Pensando que pelo menos deixaria as crianças comerem, Byaku voltou-se para a casa. Mas ao passar pela vila, encontrou Graham na praça.

“Ah, é o vovô.”

“Você foi para a floresta?”

“Fui...” Graham olhou para Byaku se desculpando.

Isso só fez Byaku franzir a testa.

“O que eu disse-lhe?”

“Desculpe...”

Graham olhou em volta sem jeito. Byaku zombou e voltou a andar.

Correndo para acompanhá-lo, Charlotte puxou sua manga.

“Sabe, Byaku, o sol ainda está alto. Não precisa ficar com tanta raiva.”

“Isso mesmo, Bucky. Não intimide o vovô.”

“E nós não estávamos brincando. Estávamos ajudando.”

“Sim. Eu fiz uma xícara.”

Charlotte piscou, confusa.

“Você esculpiu? Hannah te ensinou?”

“Sim. E quanto a Char?”

“Mexi com um tear! Além disso, fiz alguma tecelagem. A Rita é muito boa.”

“Talvez eu devesse tentar também... Hannah parecia ocupada.”

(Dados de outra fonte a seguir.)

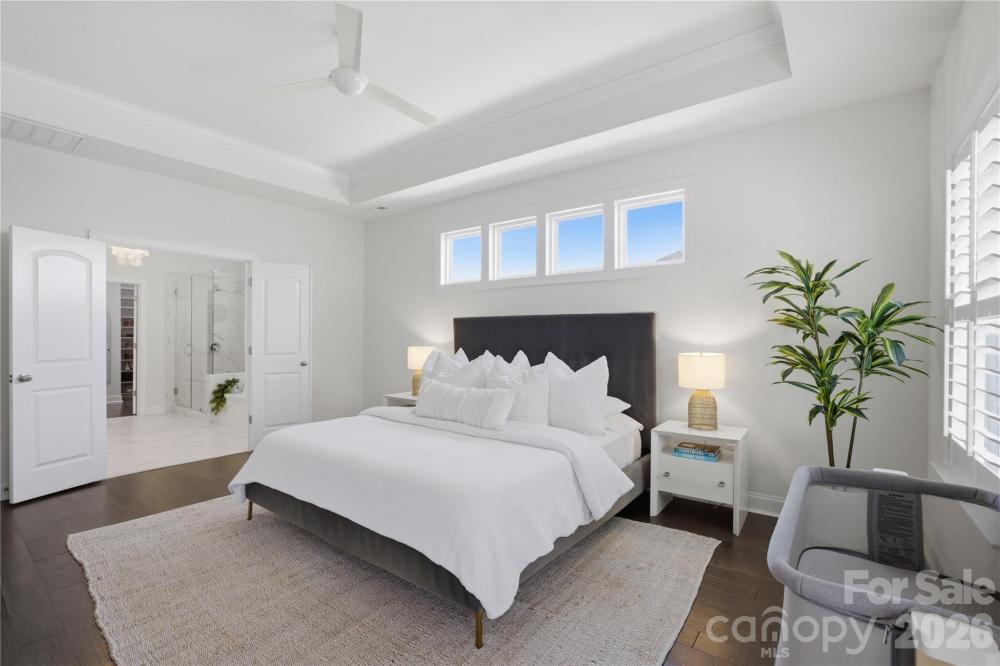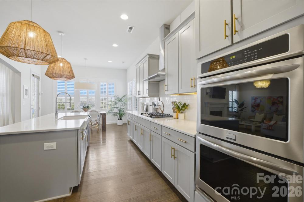 It’s got style, it’s got class! This Charleston-inspired home is calling you home. Located in the highly sought-after Vermillion neighborhood, residents enjoy two community pools, a playground, walking trails, its very own neighborhood restaurant, Harvey's, & wonderful neighbors who make this community feel special. Built in 2018, this home features two charming front porches and a cozy back patio that’s perfect for relaxing and enjoying spring sunsets. Step inside and you’re welcomed by tall ceilings, an open floor plan, and a beautifully designed kitchen. The kitchen features quartz countertops, a farmhouse sink, gas cooktop, Frigidaire double oven, and a chef’s pantry—perfect for cooking and entertaining. The kitchen opens seamlessly to the living room, which features a gas fireplace and breakfast nook, creating a warm and inviting space for gatherings. Just off the front door is a versatile flex room that could easily be used as a playroom, dining room, or home office. This home also includes plantation shutters throughout and whole-home surround sound with Bluetooth capability. On the main floor, you’ll find one bedroom and a full bathroom, perfect for guests or multi-generational living. Upstairs, the spacious primary suite features an en-suite bathroom with a garden tub, walk-in shower, and custom built-in closet system designed to keep everything organized. The upper level also includes three additional bedrooms, with one currently set up as an incredible movie room featuring a 140-inch projector screen and surround sound—perfect for movie nights at home. Located just minutes from shopping, dining, and everything Huntersville and Lake Norman have to offer, Vermillion is known for its vibrant community atmosphere and beautiful streetscapes. Whether you're enjoying time on the front porch, hosting friends and family, or taking advantage of the neighborhood amenities, 12516 Es Draper Dr offers the perfect blend of comfort, charm, and community living.

“Não vejo porque não. Tenho certeza que todos vão te receber felizes. Agora que está resolvido, vamos nos apressar e comer.”

“Sim. Vamos.”

Os dois ultrapassaram Byaku e saíram correndo. Então, relembrando ao longo do caminho, eles pararam e se viraram.

“Byaku, Graham, rápido!”

“Não se atrasem.”

“Seus pequenos...” Byaku franziu ainda mais a testa. Mas sem lhe dar a menor atenção, os dois partiram. Byaku cruzou os braços.

“O que é tão engraçado?”

“Hehehe... Não é nada.” Graham raramente ria, porém algo o fez rir agora.

Cada um de vocês... Byaku suspirou. Vou preparar um almoço embalado amanhã para levarem. Isso me poupará problemas. Tenho certeza de que é isso que Belgrieve faria — e, de repente, Byaku se contorceu ao perceber o que acabara de passar por sua cabeça. Ele balançou sua cabeça. As folhas de todas as árvores brilhavam intensamente ao sol de verão.